Information Minister Kyaw Hsan said the military were "doing their best," but analysts said there could be political fallout for military rulers of the former Burma who pride themselves on their ability to cope with any challenge.
Giving the first detailed account of the worst cyclone to hit Asia since 1991, when 143,000 people died in Bangladesh, Foreign Minister Nyan Win said on state television 10,000 people had died just in Bogalay, a town 50 miles southwest of Yangon.
“The losses have been much greater than we anticipated,” Thai Foreign Minister Noppadol Pattama said after a meeting with Myanmar’s ambassador to Bangkok. Myanmar's ambassador, Ye Win, declined to speak to reporters.
The U.N. World Food Program, which was preparing to fly in food supplies, offered a grim assessment of the destruction: up to a million people possibly homeless, some villages almost totally destroyed and vast rice-growing areas wiped out.

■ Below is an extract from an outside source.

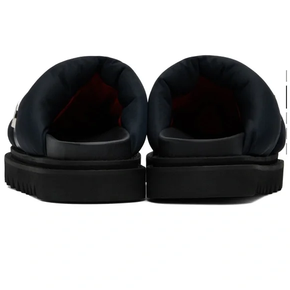Size 46=13 US. ***NEVER WORN WITH BOX AND SHOE BAG***Padded nylon taffeta slippers in black.• Hardware at buffed leather strap• Molded buffed leather footbed• Foam rubber...

"We hope to fly in more assistance within the next 48 hours," WFP spokesman Paul Risley said in Bangkok. "The challenge will be getting to the affected areas with road blockages everywhere."
The country's ruling military junta, which has spurned the international community for decades, urgently appealed for foreign aid at a meeting Monday among Nyan Win and diplomats in Yangon.
'Aftermath could be more lethal'
"Our biggest fear is that the aftermath could be more lethal than the storm itself," said Caryl Stern, who heads the U.N. Children's Fund in the United States. UNICEF said it had dispatched five assessment teams to three of the affected areas and lifesaving supplies were being moved into position.
Other countries, from Canada to the Czech Republic, reacted quickly to the crisis with pledges of aid.
The European Commission was providing $3.1 million in humanitarian aid while the president of neighboring China, Hu Jintao, promised assistance without offering details.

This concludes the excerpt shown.